Un projet mondial vise la réduction des inégalités en matière de santé en milieu urbain

Coordonné à partir de Londres et financé à hauteur de dix millions de livres sterling (17,5 M$ CA) par le Wellcome Trust, ce partenariat compte sur un réseau mondial de scientifiques et de praticiens – dont trois de l’Université McGill – et comprend deux projets intégrés en santé urbaine.
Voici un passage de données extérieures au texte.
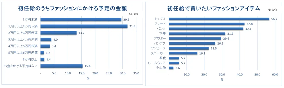 次に、初任給のうちファッションにかける金額について調査すると、「1万円以上2万円以下」(31.8%)という回答が最も多い結果に。その後には「1万円未満」(29.6%)、「お金をかける予定はない」(15.4%)という回答が続き、全体的に堅実な印象となりました。具体的に買いたいアイテムとしては、「トップス」(56.7%)、「スカート」(42.8%)、「パンツ」(42.1%)をはじめとする定番アイテムに票が集まりました。その他には、定期的に買い替える「下着」(31.9%)や仕事でもプライベートでも活躍する「パンプス」(26.2%)にも一定数の票が集まりました。
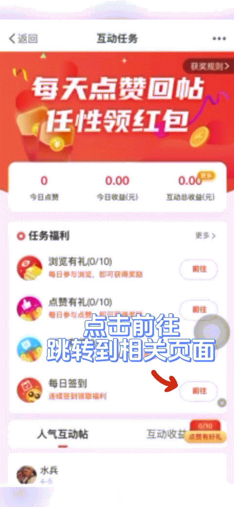 首页点击“任务中心中”,点击“前往”即可跳转到相关页面完成任务。
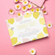 Modernes Zitronendesign in hellen Gelbtönen und Rosa. Diese Einladungen können mit Ihrem Text personalisiert werden und würden gut für Geburtstage oder Party im Sommer funktionieren.
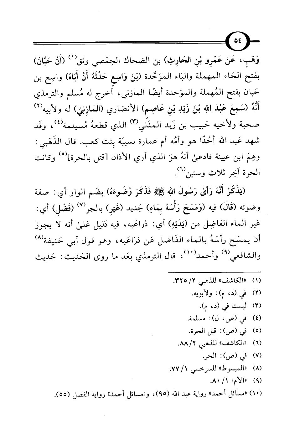وَهْبٍ، عَنْ عَمْرِو بْنِ الحَارِثِ) بن الضحاك الحِمْصي وثق (¬1) (أَنَّ حَبَّانَ) بفتح الحَاء المهملة والبَاء الموَحَّدة (بْنَ وَاسِع حَدَّثَهُ أَنَّ أَبَاهُ) واسِع بن حَبان بفتح المُهملة والموَحدة أيضًا المازني، أخرج له مُسلم والترمذي أَنَّهُ (سَمِعَ عَبْدَ الله بْنَ زَيْدِ بْنِ عَاصِمٍ) الأنصَاري (المَازِنيَّ) له ولأبيه (¬2) صحبة ولأخيه حَبيب بن زَيد المدَني (¬3) الذي قطعهُ مُسيلمة (¬4)، وقَد شهد عَبد الله أحُدًا هو وأمُه أم عمارة نسيبَة بِنت كعب. قال الذَهَبي: وهِمَ ابن عيينة فادعى أنهُ هوَ الذي أري الأذان أقتل بالحرة، (¬5) وكانت الحرة آخِر ثلاث وستين (¬6).

Ces experts auront pour mandat de recueillir les données probantes requises pour aider les décideurs et les gouvernements à prendre des mesures de nature à améliorer la santé de leurs populations et de la planète en général, tout en réduisant au minimum les inégalités.

Les chercheurs travailleront en étroite collaboration avec dix villes aux quatre coins du monde dans le but de recueillir des données locales, qu’ils utiliseront ensuite pour effectuer une modélisation informatique servant à tester la viabilité éventuelle de différentes politiques, telles que des programmes de logement sécuritaire à loyer modique et de vastes systèmes de transports en commun.
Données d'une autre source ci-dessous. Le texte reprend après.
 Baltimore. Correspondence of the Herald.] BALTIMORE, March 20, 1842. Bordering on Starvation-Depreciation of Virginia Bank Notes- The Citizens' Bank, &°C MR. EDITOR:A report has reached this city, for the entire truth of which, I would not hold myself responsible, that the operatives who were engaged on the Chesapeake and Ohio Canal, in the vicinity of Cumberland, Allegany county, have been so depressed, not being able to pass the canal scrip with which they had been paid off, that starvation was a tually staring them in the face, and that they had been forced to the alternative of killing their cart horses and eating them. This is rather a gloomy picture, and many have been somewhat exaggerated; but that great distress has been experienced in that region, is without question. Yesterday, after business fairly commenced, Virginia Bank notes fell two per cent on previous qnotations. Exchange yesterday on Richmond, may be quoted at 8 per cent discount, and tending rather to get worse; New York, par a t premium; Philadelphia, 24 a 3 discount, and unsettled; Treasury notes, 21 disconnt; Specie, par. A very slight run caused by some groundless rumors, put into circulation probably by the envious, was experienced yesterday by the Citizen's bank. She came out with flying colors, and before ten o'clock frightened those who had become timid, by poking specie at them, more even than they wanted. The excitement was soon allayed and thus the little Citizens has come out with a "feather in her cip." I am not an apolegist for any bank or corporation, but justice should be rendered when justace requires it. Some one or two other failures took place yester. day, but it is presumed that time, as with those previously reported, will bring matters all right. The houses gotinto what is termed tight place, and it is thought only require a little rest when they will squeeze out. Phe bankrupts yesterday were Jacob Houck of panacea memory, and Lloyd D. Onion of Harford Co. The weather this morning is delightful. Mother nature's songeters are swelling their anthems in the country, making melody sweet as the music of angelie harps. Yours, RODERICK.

Désormais, plus de la moitié de la population mondiale vit en ville, et on prévoit que d’ici 2050, cette proportion passera à 70 %. Or, en moyenne, les personnes qui habitent en milieu urbain sont en meilleure santé que celles qui vivent en milieu rural, principalement en raison de la concentration de l’activité économique et de l’étendue des services publics. Cependant, l’accroissement de la population urbaine exerce une pression grandissante sur cette offre de services, et ce sont les citadins démunis qui sont laissés pour compte.